What is required — Print the records exactly and in full, please; the pictures stay out.

(Source data)
■ ■ ■ ■

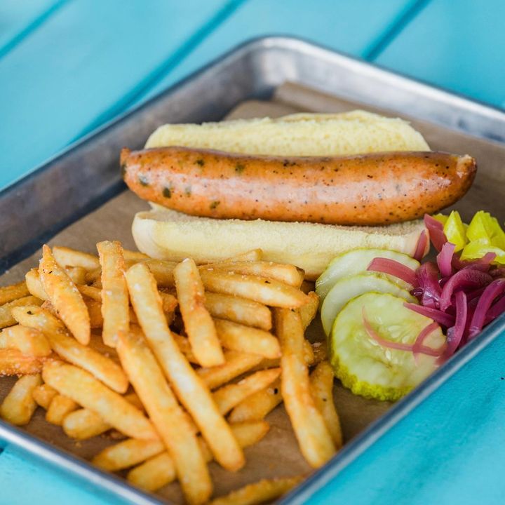 Smoked sausage on our Martin's hotdog bun topped with coastal slaw and served with one side.
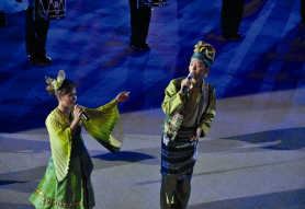 Together with Singapore Idol 2009 winner Lance Corporal (LCP) Sezairi Sezali, the duo belted out famous Bruneian folk song Kampong Ayer ("Water Village" in Malay) to the live accompaniment of the SAF Band. The crowd fell silent when the music introduction filled the stadium, and broke into rapturous cheers when the vocalists started singing.
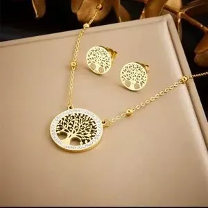 : #TreeOfLife #GoldPlatedJewelry #NatureInspiredJewelry #StainlessSteel #EarringsSet #NecklaceSet #ElegantJewelry #JewelryForHer #GiftIdeas #CrystalJewelry
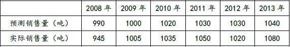 (1)假设样本期为3期,使用移动平均法预测2014年H产品的销售量。
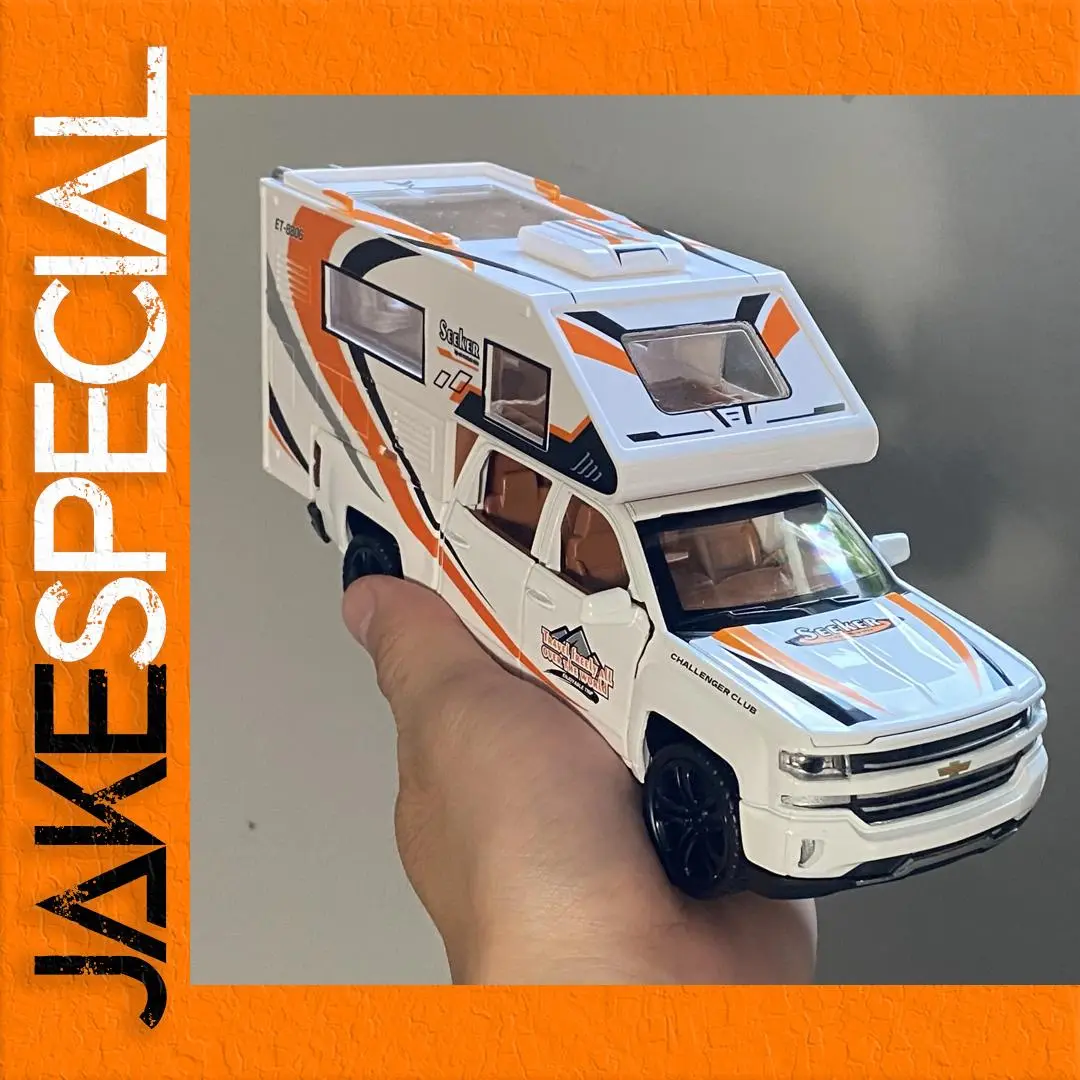 Immerse yourself in the craftsmanship of this stunning 1/32 scale Chevrolet Blazer Chalet RV model. Crafted from high-quality metal, it boasts a sleek white body enhanced by bold orange and black decals that give it a vibrant, sporty appeal. Horizontal stripe decals along the side panels add authenticity and dynamic visual interest. The front grille mimics chrome, complemented by clear plastic headlights that add realism. The transparent, lightly tinted windows reveal a warm brown interior, inviting you to imagine the adventure inside. The rooftop camper is meticulously designed with molded windows, vents, outdoor accessories, and detailed features, emphasizing outdoor exploration. With functional sound and lighting features powered by batteries, this model offers interactive fun for collectors who value detail, quality, and an authentic outdoor vibe.

■ ■ ■ ■

Solution —
 Smoked sausage on our Martin's hotdog bun topped with coastal slaw and served with one side.
 Together with Singapore Idol 2009 winner Lance Corporal (LCP) Sezairi Sezali, the duo belted out famous Bruneian folk song Kampong Ayer ("Water Village" in Malay) to the live accompaniment of the SAF Band. The crowd fell silent when the music introduction filled the stadium, and broke into rapturous cheers when the vocalists started singing.
 : #TreeOfLife #GoldPlatedJewelry #NatureInspiredJewelry #StainlessSteel #EarringsSet #NecklaceSet #ElegantJewelry #JewelryForHer #GiftIdeas #CrystalJewelry
 (1)假设样本期为3期,使用移动平均法预测2014年H产品的销售量。
 Immerse yourself in the craftsmanship of this stunning 1/32 scale Chevrolet Blazer Chalet RV model. Crafted from high-quality metal, it boasts a sleek white body enhanced by bold orange and black decals that give it a vibrant, sporty appeal. Horizontal stripe decals along the side panels add authenticity and dynamic visual interest. The front grille mimics chrome, complemented by clear plastic headlights that add realism. The transparent, lightly tinted windows reveal a warm brown interior, inviting you to imagine the adventure inside. The rooftop camper is meticulously designed with molded windows, vents, outdoor accessories, and detailed features, emphasizing outdoor exploration. With functional sound and lighting features powered by batteries, this model offers interactive fun for collectors who value detail, quality, and an authentic outdoor vibe.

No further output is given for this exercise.